Pełny tekst orzeczenia

Sygn. akt VI ACa 665/15

WYROK

W IMIENIU RZECZYPOSPOLITEJ POLSKIEJ

Dnia 25 maja 2016 r.

Sąd Apelacyjny w Warszawie VI Wydział Cywilny w składzie:

Przewodniczący – Sędzia SA Marcin Strobel

Sędziowie: SA Irena Piotrowska

SO del. Tomasz Gal (spr.)

Protokolant: Katarzyna Łopacińska

po rozpoznaniu w dniu 25 maja 2016r. w Warszawie

na rozprawie

sprawy z powództwa (...) w W.

przeciwko H. M. i K. M.

o zapłatę

oraz z powództwa wzajemnego H. M. i K. M.

przeciwko (...) w W.

o zapłatę

na skutek apelacji H. M.

od wyroku Sądu Okręgowego w Warszawie

z dnia 10 marca 2014 r., sygn. akt IV C 664/13 w zakresie powództwa głównego

oddala apelację.

Sygn. akt VI ACa 665/15

UZASADNIENIE

Powódka (...) w W. pozwem z dnia 25 kwietnia 2013 r. (wniesionym dnia 29 kwietnia 2013 r. – k. 25) wniosła o zasądzenie solidarnie od pozwanych H. M. i A. M. kwoty 78.464,73 zł z ustawowymi odsetkami od kwoty 59.504,19 zł od dnia 19 kwietnia 2013 r. do dnia zapłaty oraz kosztów postępowania w tym kosztów zastępstwa procesowego.

W uzasadnieniu powódka podniosła, iż domaga się powyższej należności jako umownego wynagrodzenia z tytułu bezumownego korzystania przez pozwanych z nieruchomości gruntowej powódki po ustaniu umowy dzierżawy w okresie od dnia 10 listopada 2009 r. do dnia 29 września 2010 roku.
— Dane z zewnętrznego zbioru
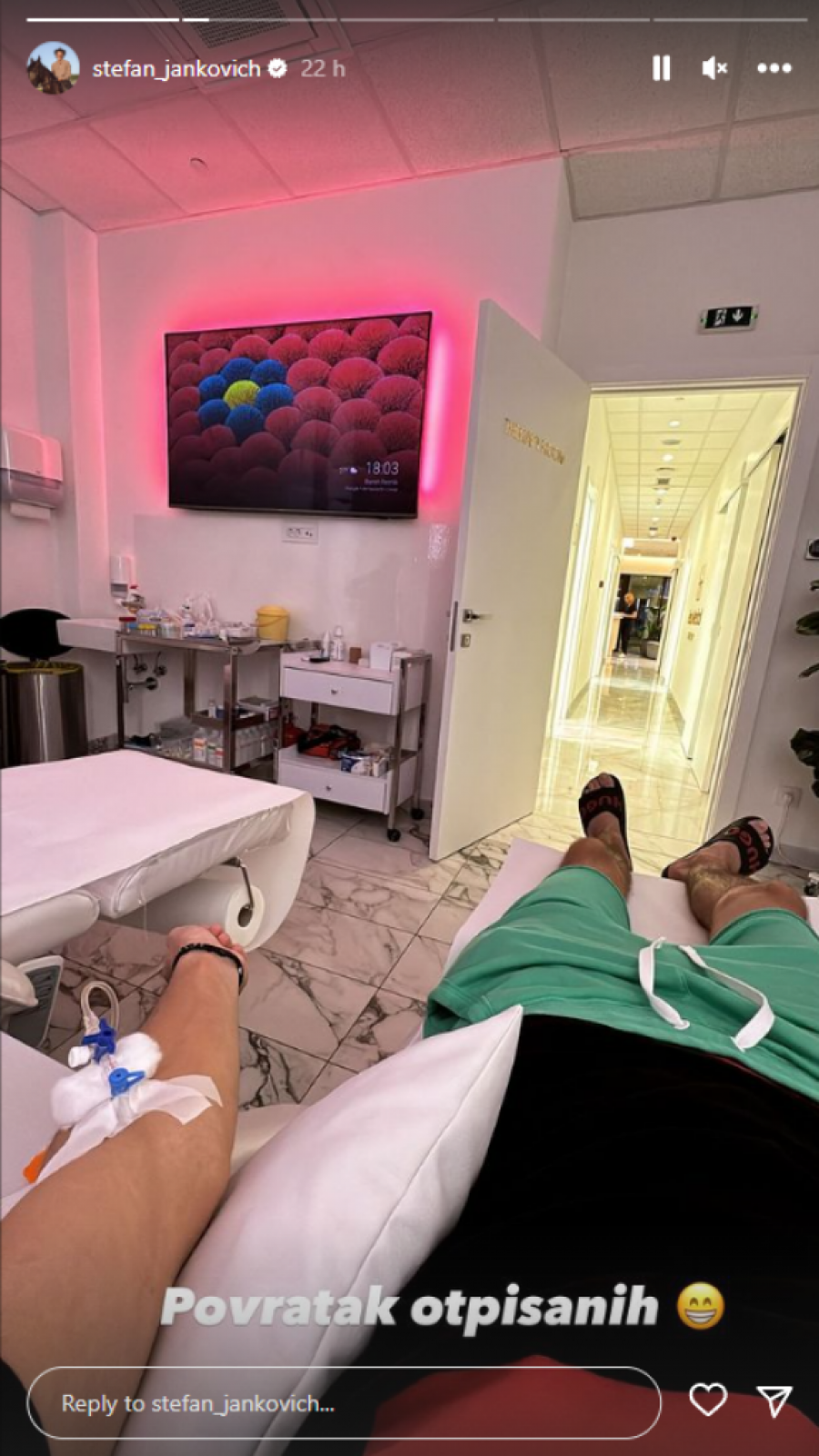 Tako je i sada završio u jednoj privatnoj klinici, gde je hitno trebao da primi infuziju, jer mu je imunitet opao, verovatno usled ovim klimatskih promena. Janko je na Instagram storiju objavio kako leži, dok mu je u ruci priključena infuzija, te se oglasio i rekao kako se oseća:
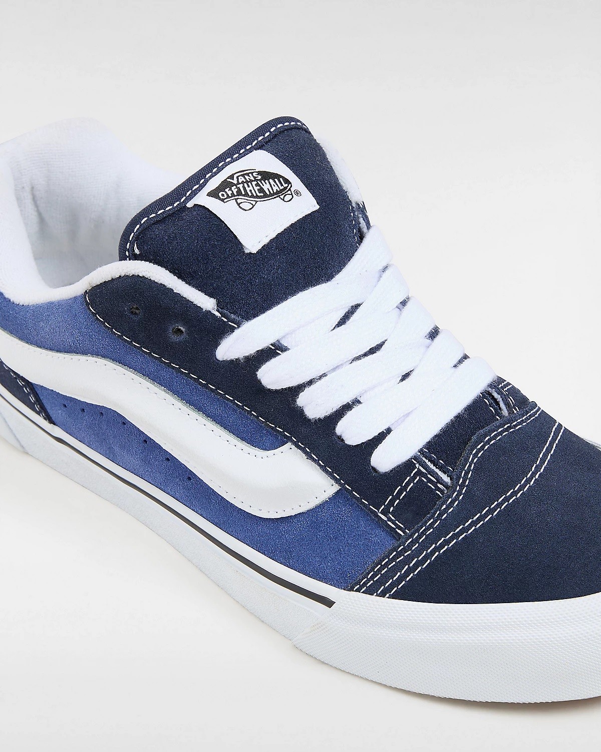 The Knu Skool is a reissued model from the 90s, when skate shoes were extra puffy. Made with sturdy suede uppers, this low top silhouette features a big puffy tongue and ankle collar, giving it an exaggerated look that plays off of the original Old Skool.
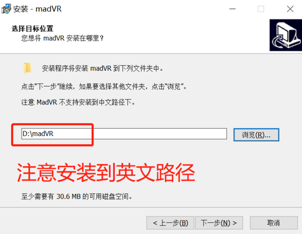 3、在安装madVR的过程中我们要注意安装到纯英文路径下,以防止安装失败。
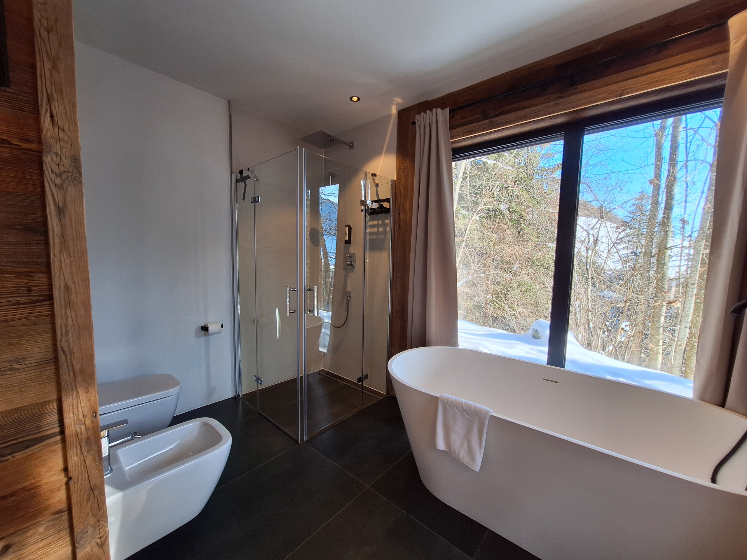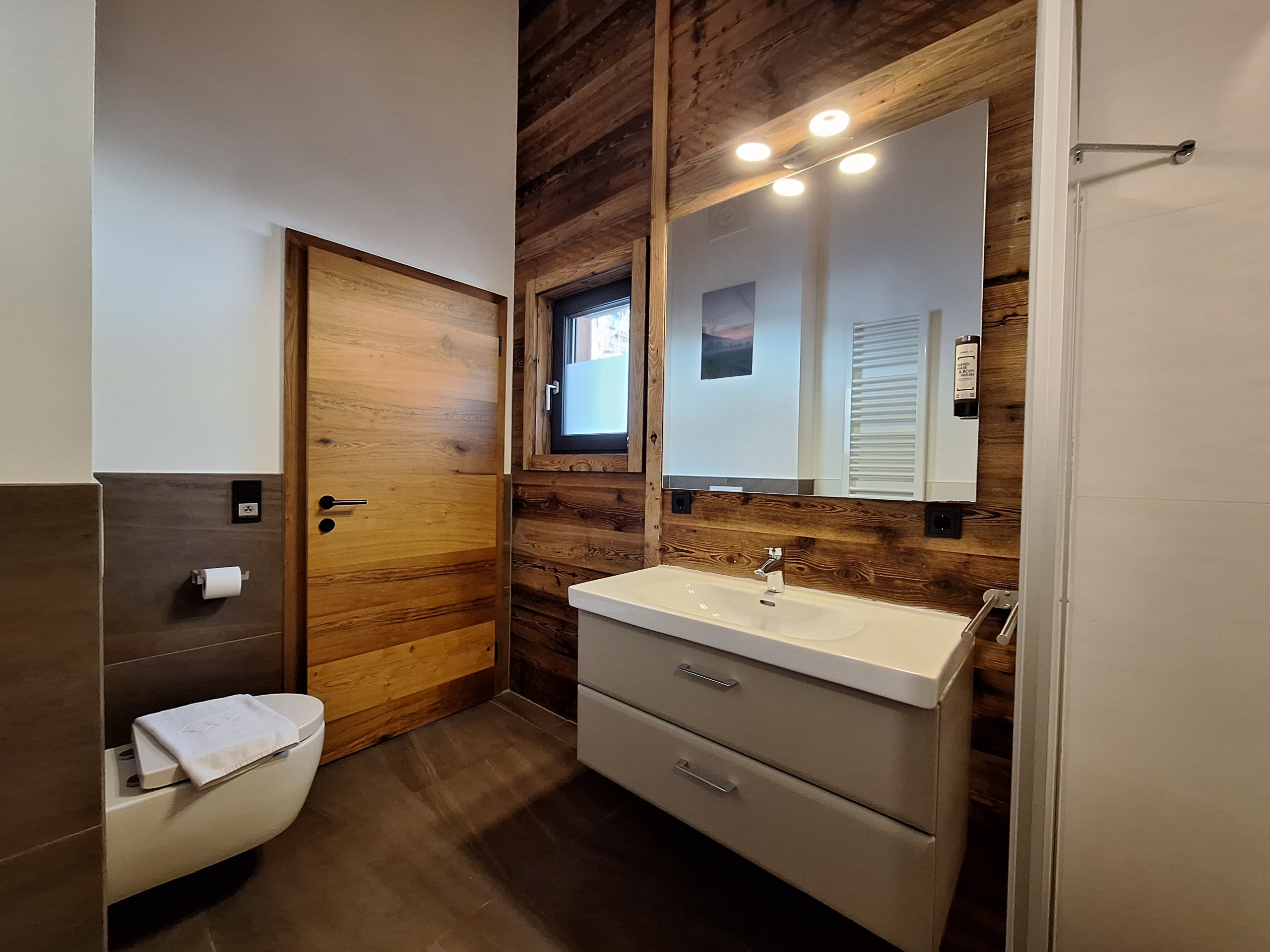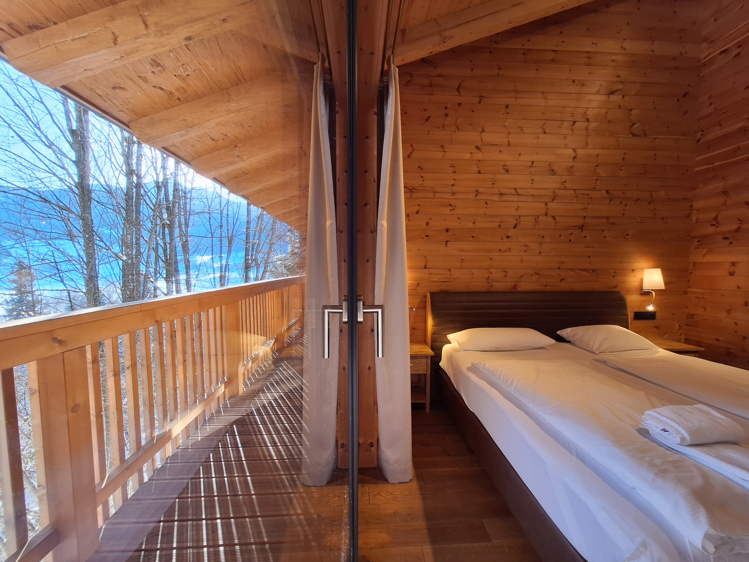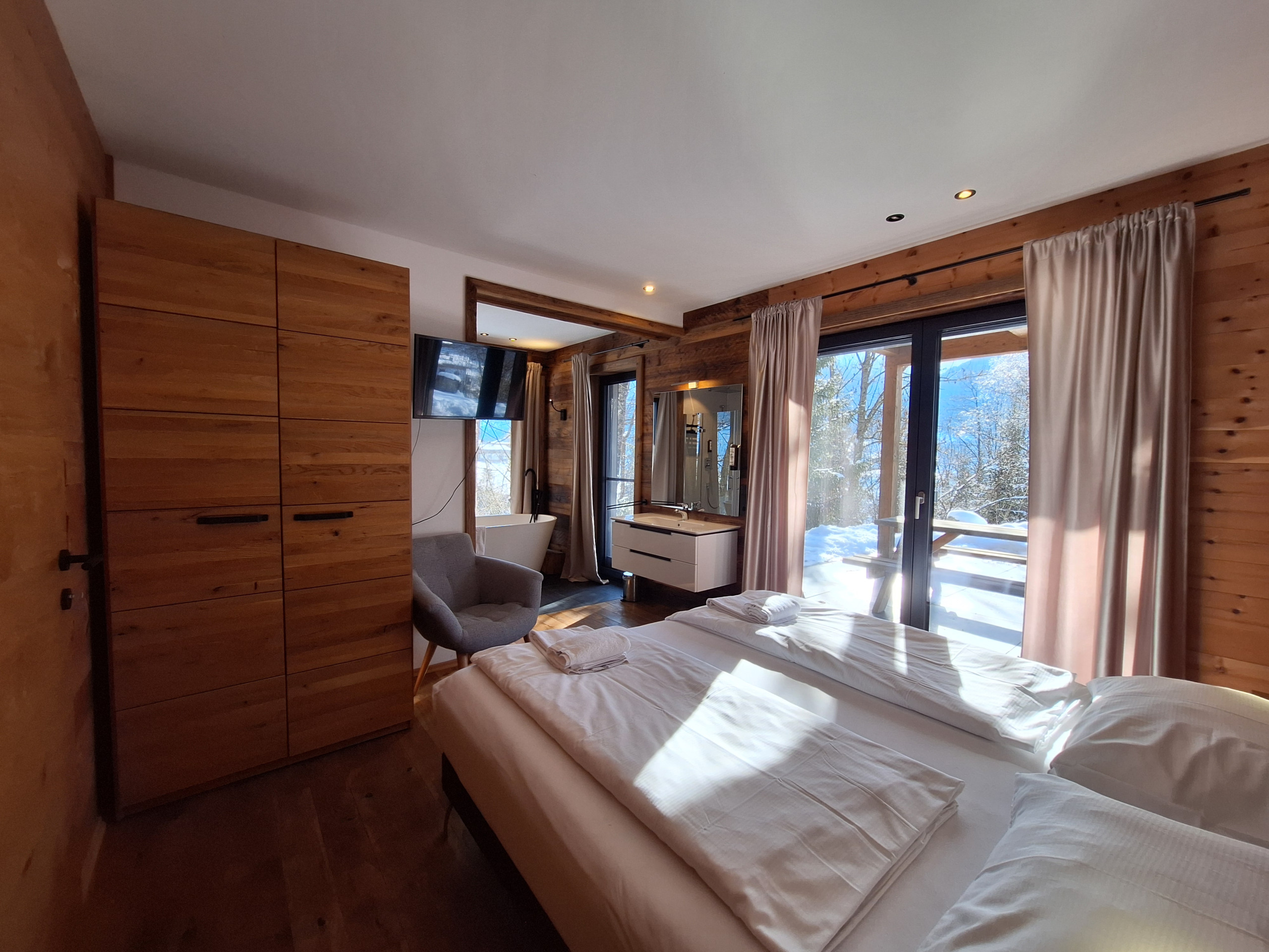 Das Chalet (Haushälfte) verfügt über vier gemütliche Schlafzimmer mit jeweils einem Doppelbett, perfekt für erholsame Nächte nach spannenden Tagen in der Natur. Drei moderne Badezimmer - darunter zwei mit Dusche, eines mit Badewanne und Dusche sorgen für maximalen Komfort und Privatsphäre aller Gäste.

Jako podstawę prawną dochodzonego roszczenia powódka wskazała przepis § 17 ust. 5 umowy dzierżawy z dnia 2 listopada 1999 r. w brzmieniu nadanym aneksem nr (...) do umowy zawartym w dniu 4 lutego 2004 r. (k. 4 – 6).

Nakazem zapłaty wydanym w dniu 29 maja 2013 r. w postępowaniu upominawczym Sąd Okręgowy w Warszawie orzekł zgodnie z żądaniem powódki (k. 31).

Pozwani H. M. i A. M. złożyli sprzeciwy od nakazu zapłaty, w których wnieśli o oddalenie powództwa w całości. Jednocześnie pozwani wnieśli powództwo wzajemne żądając zapłaty na swoją rzecz kwoty 120.859,29 zł tytułem odszkodowania za poniesione nakłady na obsianie ponad 100 ha żytem wraz z ustawowymi odsetkami od dnia 9 listopada 2009 r. do dnia zapłaty i kwoty 35.000 zł za plantację szparagów wraz z ustawowymi odsetkami od dnia 9 listopada 2009 r. do dnia zapłaty oraz kwoty 282.400 zł za uprawy szkółkarskie wraz z ustawowymi odsetkami od dnia 9 listopada 2009 r. do dnia zapłaty.

W uzasadnieniu pozwani przyznali, iż w dniu 9 listopada 2009 r. protokół przekazania został sporządzony, ale odmówili podpisania protokołu w przedmiocie przekazania nieruchomości pracownikom powódki, ponieważ pracownicy ci nie chcieli umieścić w protokole informacji o wykonanych przez pozwanych zasiewach i poniesionych nakładach. Jednocześnie pozwani podkreślili, iż po dniu 20 września 2009 r. przestali użytkować przedmiotowe grunty rolne oraz że mimo braku podpisania protokołu przez pozwanych powódka przejęła te grunty już w 2009 r. i wykonywała na nich prace związane z przygotowaniem do ich sprzedaży w postaci pomiarów i wyceny. Zdaniem pozwanych do przekazania nieruchomości nie był potrzebny protokół (k. 40 i nast., k. 44 i nast., k. 189).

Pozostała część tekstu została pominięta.